Adam’s Legacy–Part Two

“Then the serpent said to the woman, ‘You will not surely die. For God knows that in the day you eat of it your eyes will be opened, and you will be like God, knowing good and evil.’ So, when the woman saw that the tree was good for food, that it was pleasant to the eyes, and a tree desirable to make one wise, she took of its fruit and ate. She also gave to her husband with her, and he ate. Then the eyes of both of them were opened, and they knew that they were naked; and they sewed fig leaves together and made themselves coverings” (Genesis 3:4-7).

One of the fundamentals to marching is to start on the correct foot. “Getting off on the right foot” is as essential in a high school band as it is in a platoon of Marines. The same is also true when studying God’s word.

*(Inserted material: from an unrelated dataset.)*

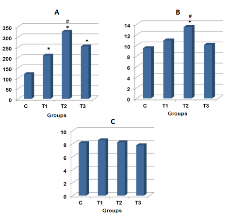 platelets (PLT)PLT×109 cell/ml2(A), while blood cells (WBC) WBC×109cell/ml2(B), and red blood cells (RBC) RBC×1012 cell/ml2(C),counts in the control (C) and mice consumed energy drink groups; high concentration for 10 days (T1), for 20 days (T2), and low concentration for 20 days (T3). *Significant differences in control vs. consumed energy drink groups, #Significant differences among consumed energy drink groups.
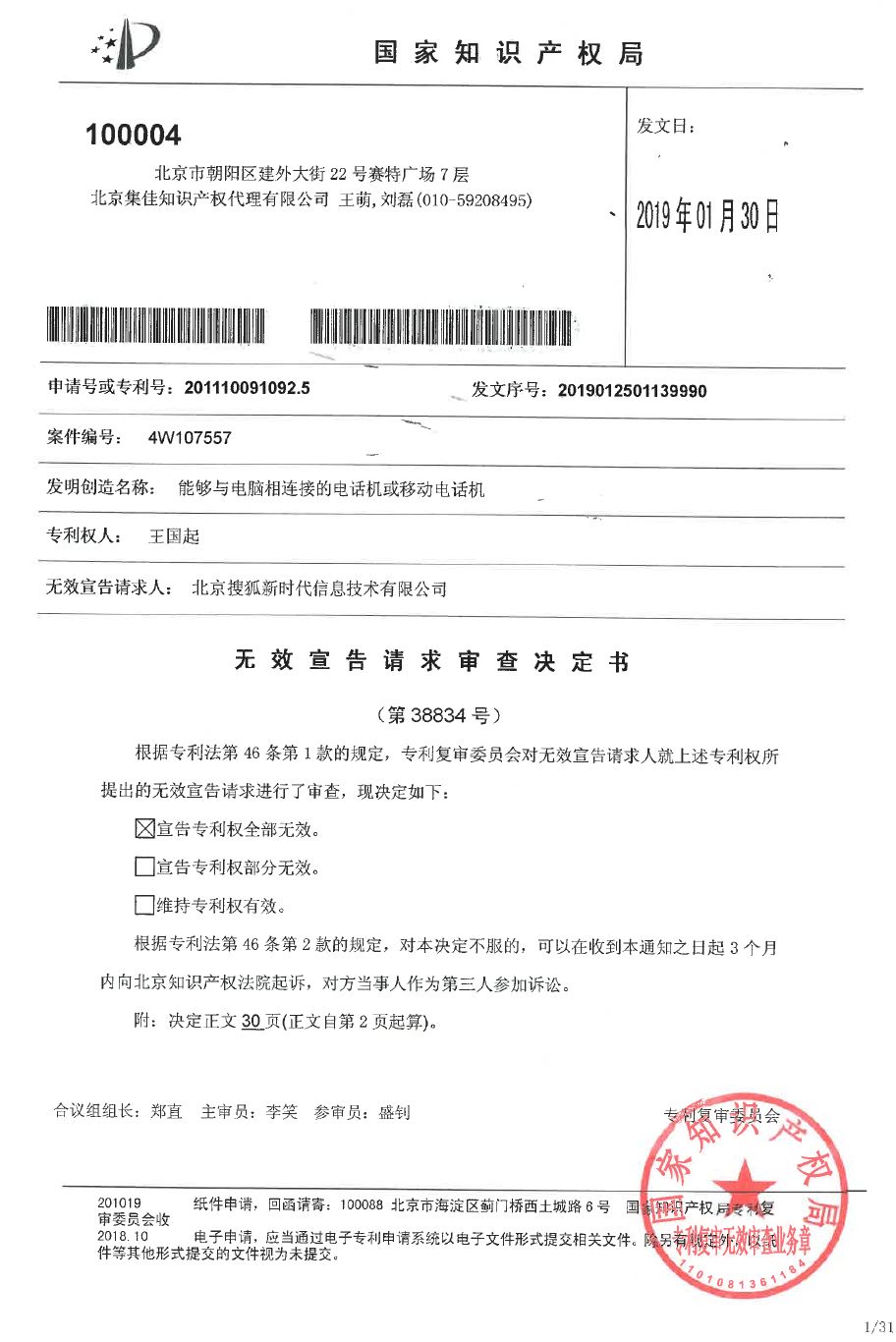 由于存在諸多特殊性,本案受到行業(yè)的高度關(guān)注。集佳公司接受搜狐公司委托,組建經(jīng)驗豐富的專利無效團隊,團隊成員深知該案的重要性,以高標準嚴要求的態(tài)度認真對待無效過程中的每個環(huán)節(jié),從前期對比文件檢索,到無效請求材料的準備,證據(jù)的補充,以及后期的口頭審理,承委托人之信任,擔(dān)盡力成事之責(zé)任,終于實現(xiàn)了委托人搜狐的期望,在新年來臨之前,收到復(fù)審委做出的無效決定。

Because of John Calvin’s noxious T.U.L.I.P., many a Bible student “gets off on the wrong foot”. From Genesis 3 onward, God’s word repeatedly contradicts the heresy of Total Hereditary Depravity. As considered in yesterday’s blog, Adam’s spiritual legacy includes the following: An imagination/mind which will land you in sin in the days of your youth (Genesis 8:21). If this propensity goes unchecked, it can and will enslave you to the point where every intent of the thoughts of your heart is only evil continually (Genesis 6:5). Like Noah and Abel, you can live righteously before God. Like Cain, you can choose to live wickedly.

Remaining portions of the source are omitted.